Today, Judge George O’Toole holds a hearing to determine the appropriate sentence for Tarek Mehanna, the Sudbury man convicted in January of providing material support to Al Qaeda and seeking terrorist training in Yemen.
This case is fascinating on many levels and I have written multiple blog entries about it over the past two years. (Find Jury Box Blog posts on the case here). The jury determined that posting pro-Al Qaeda material online could constitute “material support” and that the dangers associated therewith overrode any Free Speech protections. It is important to remember, however, that Mr. Mehanna never raised a finger in violence against anyone. He gave no money to our enemies and his support for jihadist violence was equivocal, at best.
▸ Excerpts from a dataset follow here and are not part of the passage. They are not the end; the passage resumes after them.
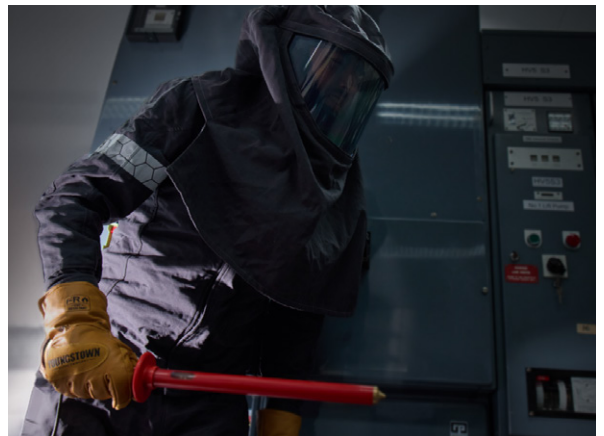
More comfortable during high-intensity activities
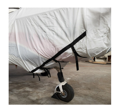
Zlin 142C Engine Cover, test fit cover

This cover type is made from Silver Acrylic Sunbrella canvas and is 100% lined with a soft and smooth microfiber. Bruce's Custom Covers developed this material combination especially for aircraft protection. The outer material is medium weight and treated for water resistance, UV resistance and anti-static buildup. The inner lining is a very soft and smooth microfiber to prevent scratching. The material is very reflective, and tests show that the cabin interior temperature can be reduced to near-ambient temperature on the hottest of days. It is water, ice and snow repellent, yet breathable to allow moisture to escape from between the cover and the aircraft surface.
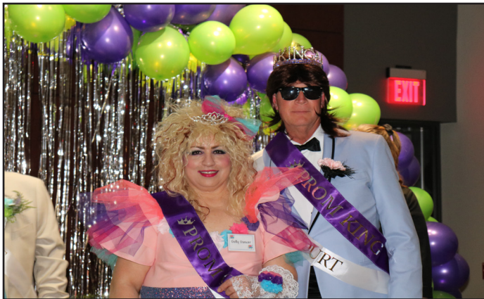
ECU students aren't the only ones having fun on campus. The Pontotoc County Drug-Free Coalition held its fifth annual gala, disguised as an 80's prom murder mystery, in the Chickasaw Business & Conference Center on February 7.
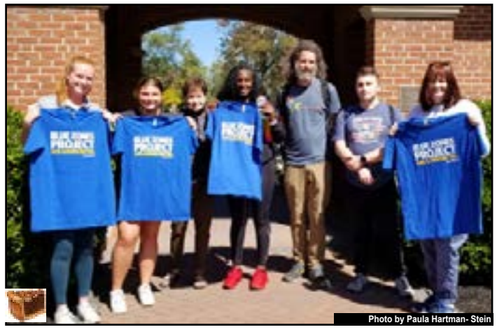
Everyone excited for their new Blue Zone shirts!

For more information on the topic please look at the link <u>here</u> that Hartman- Stein has provided for additional information. If you are interesting in going please follow up!
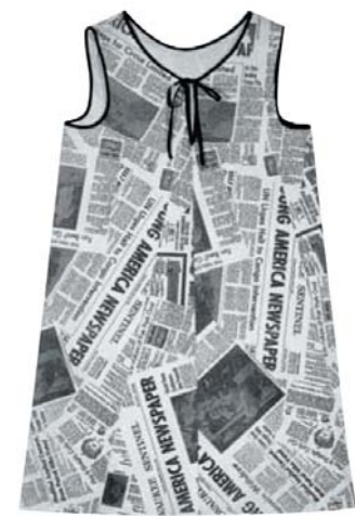
ATOPOS 2005.02. 084 Dress with collage of newspaper articles and first-page articles of the newspaper of the "young America", Milwaukee Sentinel, June- July 1967. USA, 1967-1968.
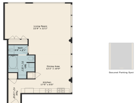
CBSMLS - Measurements are Standard Assesses and Estimates. All Not Guaranteed. Based On Public
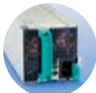
Intel® Power and Thermal Headroom
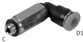
Push-in Elbow Fitting, UNF, Long
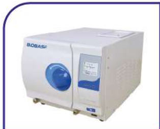
Table Top Autoclave Model: BKM Z188
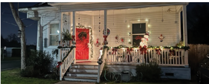
Crystal Pritchett on 23rd Street
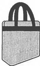
CLEAR TOTE PLASTIC, VINYL, OR PVC AND NO LARGER THAN 12" X 6" X 12"
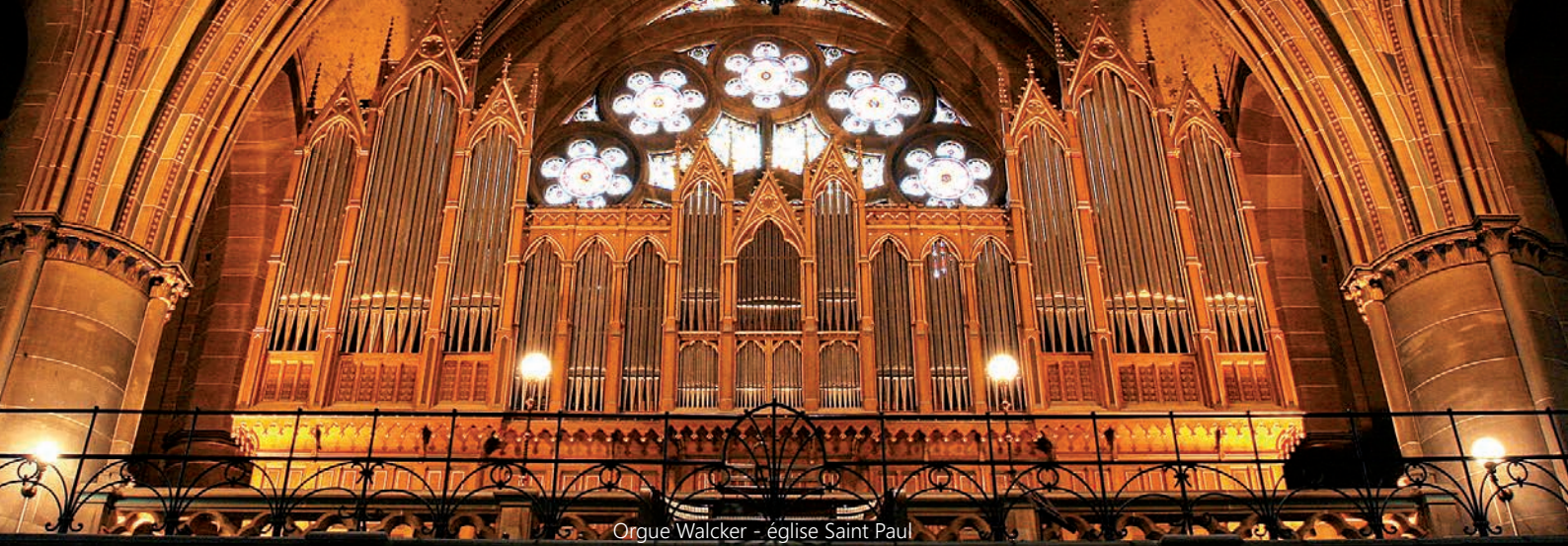
Orgue Walcker - église Saint Paul
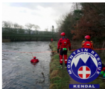
Kendal MSRT secretary@kendalmountainrescue.org.uk
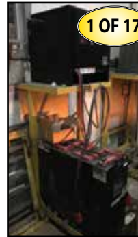
(17) 36-Volt Battery Chargers

$1,000s WORTH OF BRAND-NEW INVENTORY of Shirts, Bibles, Books, Sunday School Curriculum, Puppets, Fair-Trade Jewelry, Candles & More
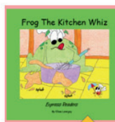
Step 6 (silent letters)

So, what kind of punishment is appropriate for his crimes?
The defense is asking for a lenient sentence of fewer than 7 years in prison. The prosecution, however, is seeking a sentence of 25 years. Since federal sentencing guidelines are no longer binding, the judge will have a great deal of discretion over Mr. Mehanna’s fate. But should he?
One of the fundamental rationales for using citizen juries in our criminal justice system is to allow them to serve as the “conscience of the community.” Unlike the judge, who is embedded in the governmental structure for life tenure and who can be removed from “the word on the street,” jurors are living in the community, with experiences that better reflect shared values about public safety, culpability and morality. Nowhere is this more strongly reflected than in the absolute right of the jury to nullify in the rare instance where justice and the law do not correspond.
It is odd, then, that our system has evolved so that jurors are asked to determine guilt or innocence and judges are asked to determine sentence. (Capital punishment offers the best known exception to this allocation of responsibilities.) This arrangement really handcuffs the ability of jurors to exercise their duty as the conscience of the community. We provide them with the most blunt instrument available, a simple “yes or no” vote on the defendant’s guilt. Where there are multiple charges or lesser included offenses, jurors are afforded slightly more flexibility to craft a verdict that reflects their evaluations of the defendant’s culpability.
The real discretion sits with the person who decide’s the defendant’s sentence. Ultimately, the sentence is the person’t fate. The jury’s verdict on guilt only hands off this decision to the judge.
I can think of no case that better illustrates the wisdom of allowing jurors to decide sentencing than that of Tarek Mehanna. There is a wide range of available alternatives. Reasonable people will certainly disagree about which sentence would be best, as well as what opportunities Mr. Mehanna should be afforded to reduce his sentence through good behavior or restitution. One’s judgment regarding what punishment would be most appropriate in this case comes down to an evaluation of the defendant’s culpability and how much danger his actions created. Given the uniqueness of this case, the multiple issues that need to be considered and the diversity of opinion in society on these issues, the final disposition of this case could certainly benefit from a lively and representative deliberation.
The rest of the world will view Mr. Mehanna’s sentence as a reflection of our society’s values and priorities. Maybe we should structure our system so this would actually be true.